“I cook for my own pleasure and for those I cherish.”
Just Not Kosher
—
Written by Steven Morris
Photographed by Rick Pushinsky
Tested by Helen and Harry Morris
Print Design by Bernd Grether
Web Design by Thomas James Hole
Food is, and always has been, the glue that holds families together. The joy that can be derived from good food, good wine and lively conversation with people you care for cannot be surpassed. It is one of life’s greatest and simplest pleasures.
My earliest memories of cooking date back to the 1950s, when my Auntie Eva returned home from America. She would regale us with stories about fruits and vegetables from ‘over there’ that were yet to make an appearance in post-war Britain. They were the stuff of movies, as exotic as Carmen Miranda’s headdresses and unlike anything to be found in any British greengrocer. It was at her elbow that I first started to cook. Nothing elaborate of course, but that didn’t matter. I was hooked.
My antecedents were Mittel- European Jews. Chicken fat, potatoes, pot roasts and gefilte fish are the foundations of my culinary heritage. My mother, ahead of her time in concerns about food additives, was very health-conscious for her day. She, Auntie Eva, and the generations that preceded them have left a two-fold legacy in my own cooking: a love of good ingredients and a wicked delight in indulgence.
I may be a foodie, but I’m no fan of fads and try not to be too precious about ingredients. I cook for my own pleasure and for those I cherish. My wife, Helen, tells me (regularly) that I’m not the tidiest of cooks; I am often accused of dirtying every pan in the kitchen. She is, however, an excellent cook and much tidier than me. After 45 years of marriage, these recipes are as much hers as they are mine, and her versions are unassailably wonderful.
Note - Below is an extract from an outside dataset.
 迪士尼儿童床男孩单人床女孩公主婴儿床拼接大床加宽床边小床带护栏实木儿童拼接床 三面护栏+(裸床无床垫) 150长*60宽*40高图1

Together we’ve travelled, we’ve eaten and enjoyed foods from many lands, always returning with the inspiration and the ingredients to rustle up something new. Although I continue to discover different culinary delights, I never forget favourites from the past. The dishes our parents and grandparents loved are buried deep in our collective psyche; we lose them at our peril.
Friends and family often request recipes for dishes I’ve served, and it was from these hastily typed emails that this collection began. Those I’ve included are close to my heart; dishes that we make and eat regularly at home. Some are family treasures wrapped in nostalgia; some have been borrowed from friends and restaurants near and far. Hopefully they will continue to stand the test of time and, one day, you too might pass them on to those you love.
I have to admit to sometimes straying from the path of strict kosher rules but where I have, I’ve suggested alternatives. What I can guarantee is that while all of the recipes are delicious; some of them are ‘just not kosher’.